Aeppli-Bott-Chern cohomology and Deligne cohomology from a viewpoint of Harvey-Lawson's spark complex

TL;DR

This paper constructs a new differential cohomology theory for complex manifolds, connecting Aeppli-Bott-Chern and Deligne cohomologies via Harvey-Lawson's spark complex, and computes it for Iwasawa manifolds.

Contribution

It introduces a novel cohomology framework unifying Aeppli-Bott-Chern and Deligne cohomologies through spark complexes, with applications to complex manifold classification.

Findings

Constructed a differential cohomology $\widehat{H}^*$ linking existing theories.

Established ring structures and refined Chern classes within the new framework.

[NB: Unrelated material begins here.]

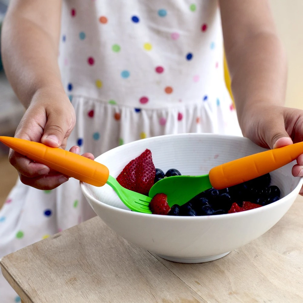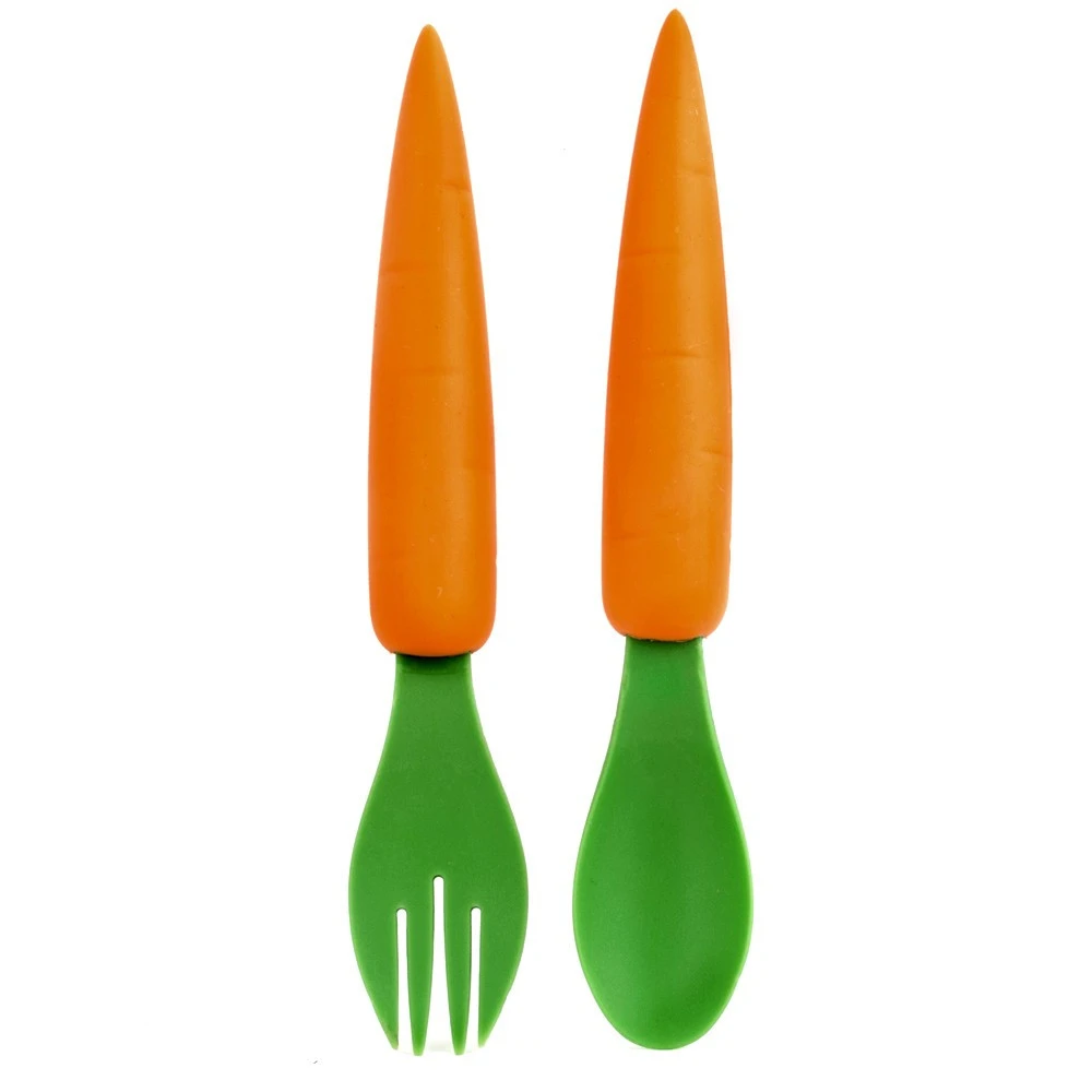 Les sont composés d’une fourchette et d’une cuillère avec un manche en forme de carottes. Il va sans dire que vous pourrez faire manger toute sorte de mets délicieux à vos enfants avec ces couverts carottes et pas seulement des carottes ! Vos bambins prendront plaisir à utiliser ces couverts amusants et agréables au toucher. Leur manche est en silicone et le plastique est alimentaire 100% sans bisphenol A ni PVC. Ils supportent le passage au lave-vaisselle. Un ensemble de couverts pour enfant amusant et recommandé pour un .

Computed cohomology for Iwasawa manifolds, refining Nakamura's classification.

Abstract

By comparing Deligne complex and Aeppli-Bott-Chern complex, we construct a differential cohomology $\widehat{H}^*(X, *, *)$ that plays the role of Harvey-Lawson spark group $\widehat{H}^*(X, *)$, and a cohomology $H^*_{ABC}(X; \Z(*, *))$ that plays the role of Deligne cohomology $H^*_{\mathcal{D}}(X; \Z(*))$ for every complex manifold $X$. They fit in the short exact sequence $$ 0\rightarrow H^{k+1}_{ABC}(X; \Z(p, q)) \rightarrow \widehat{H}^k(X, p, q) \overset{\delta_1}{\rightarrow} Z^{k+1}_I(X, p, q) \rightarrow 0$$ and $\widehat{H}^{\bullet}(X, \bullet, \bullet)$ possess ring structure and refined Chern classes, acted by the complex conjugation, and if some primitive cohomology groups of $X$ vanish, there is a Lefschetz isomorphism. Furthermore, the ring structure of $H^{\bullet}_{ABC}(X; \Z(\bullet, \bullet))$ inherited from $\widehat{H}^{\bullet}(X, \bullet, \bullet)$ is compatible with the one of the analytic Deligne cohomology $H^{\bullet}(X; \Z(\bullet))$. We compute $\widehat{H}^*(X, *, *)$ for $X$ the Iwasawa manifold and its small deformations and get a refinement of the classification given by Nakamura.